Конечно, они вместе выбирались из дома. Ездили к друзьям.

Потом, когда Кэти на нее надавила, она смогла назвать лишь одну семейную пару — мистера и миссис Купер, которые приезжали в их дом в Фарнеме и оставались у них на ночь. Кроме того, они оставались единственной известной Марианне парой, с кем Старлинги встречались в Лондоне.

Кэти вздохнула и с минуту помолчала, прежде чем продолжить интервью.

— Значит, не дорогая одежда являлась причиной их семейных ссор?

При словах «семейных ссор» Марианна бросила на нее взгляд прежде, чем переводчица успела их перевести, и Кэти в очередной раз подумала, что незнание английского языка, которое столь упорно демонстрировала Марианна, возможно, просто легенда, облегчавшая экономке жизнь.

Что она имеет в виду? На что намекает? Ева и сеньор Старлинг никогда не ссорились!

— Ох, Марианна… — покачала головой Кэти. — Боюсь, мы обе знаем, что это неправда.

Женщина нахмурилась, и Кэти на мгновение показалось, что она сейчас откажется говорить. Но этого не случилось. Она устремила на Кэти гневный взгляд и, перейдя вдруг на английский язык, сказала:

— Вы не должны говорить плохо о сеньоре Старлинге. Он давал ей все. Даже больше, чем все. И это ее испортило. Иногда она бывала слишком экстравагантна. Слишком. Но она была такая… — когда Марианна произносила эти слова, ее лицо болезненно сморщилось, — такая молодая. И временами у нее на сердце кошки скребли. Бедняжка… Ни жизни нормальной, ни дома…

Она вытерла глаза тыльной стороной руки. Губы у нее тряслись — того и гляди, разразится рыданиями.

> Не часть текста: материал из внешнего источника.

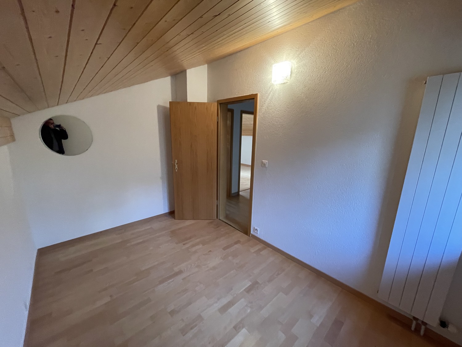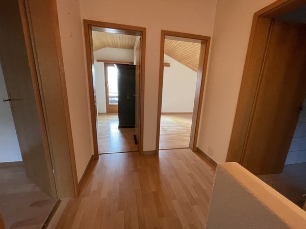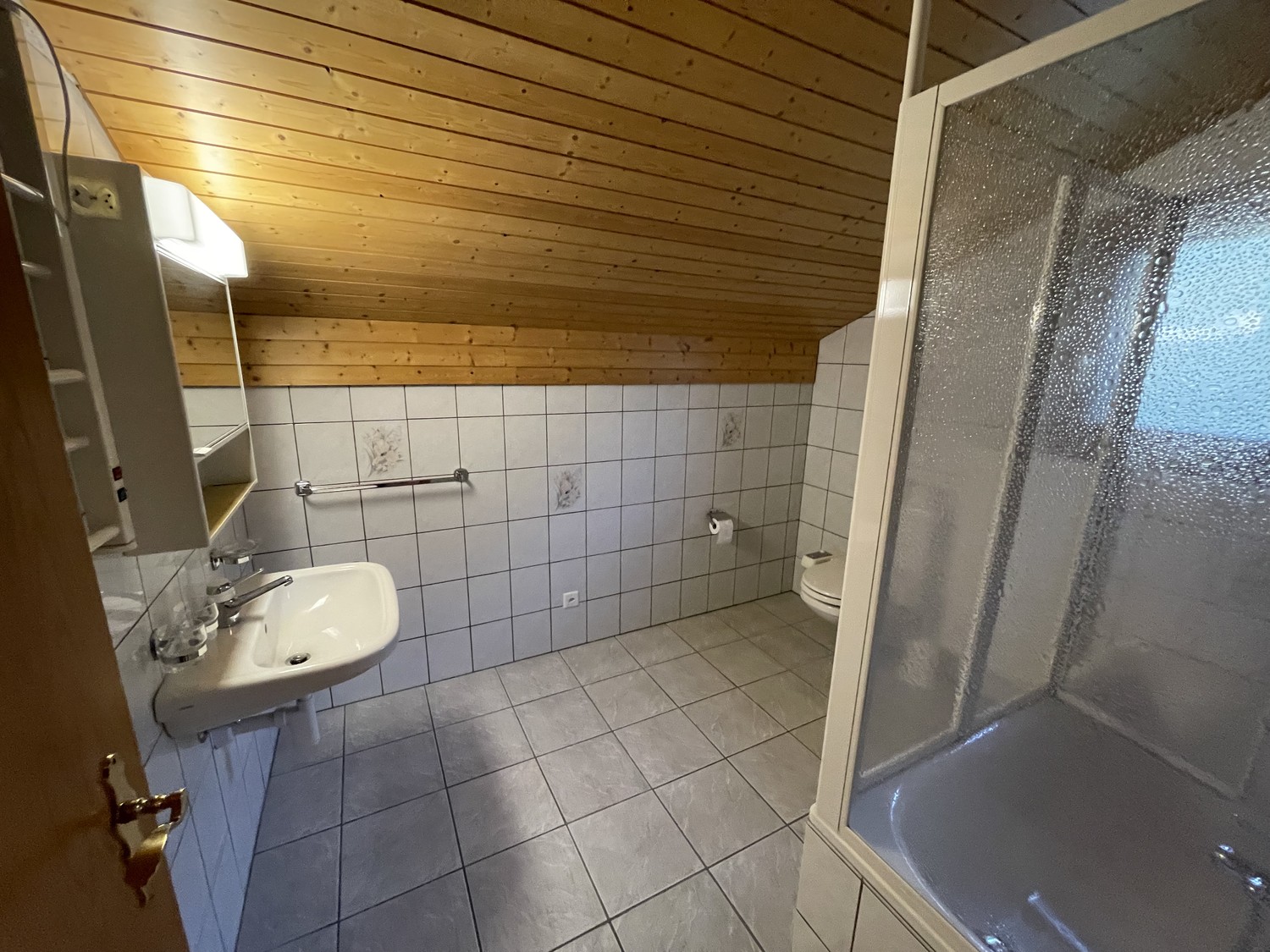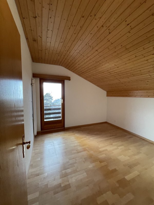 Das obere Geschoss ist mit einer Treppe sowie einem Treppenlift erschlossen. In diesem Geschoss befinden sich drei Schlafzimmer und ein Badezimmer mit WC und Badewanne. Auch hier kann die Aussicht auf dem grosszügigen Balkon genossen werden.

Услышанное поразило Кэти. Ей вдруг пришло в голову, что это, возможно, первая по-настоящему искренняя фраза, произнесенная Марианной.

— Это можно понять, — тихо сказала она. — Когда Ева в последний раз уезжала из дома, она сказала вам, намекнула хотя бы, что собирается делать? Куда направляется?

Марианна покачала головой.

— Может, она сообщила вам название магазина, который собиралась посетить? Или фильма, который хотела посмотреть? — Кэти достала список фильмов, демонстрировавшихся в кинотеатре «Голливуд». — Вот, взгляните на названия. Может быть, она упомянула хотя бы одно из них?

Марианна из вежливости взяла список, небрежно пробежала глазами его содержание, вдруг замерла и в ужасе посмотрела на Кэти. Потом ее скорбь, все это время пребывавшая в своего рода анабиозе, сдерживаемая присутствием полицейских и врачей, облаченных в свои официальные одежды, вновь и с еще большей силой пробудилась в ней. В следующее мгновение комната для допросов огласилась громкими, надрывавшими душу рыданиями.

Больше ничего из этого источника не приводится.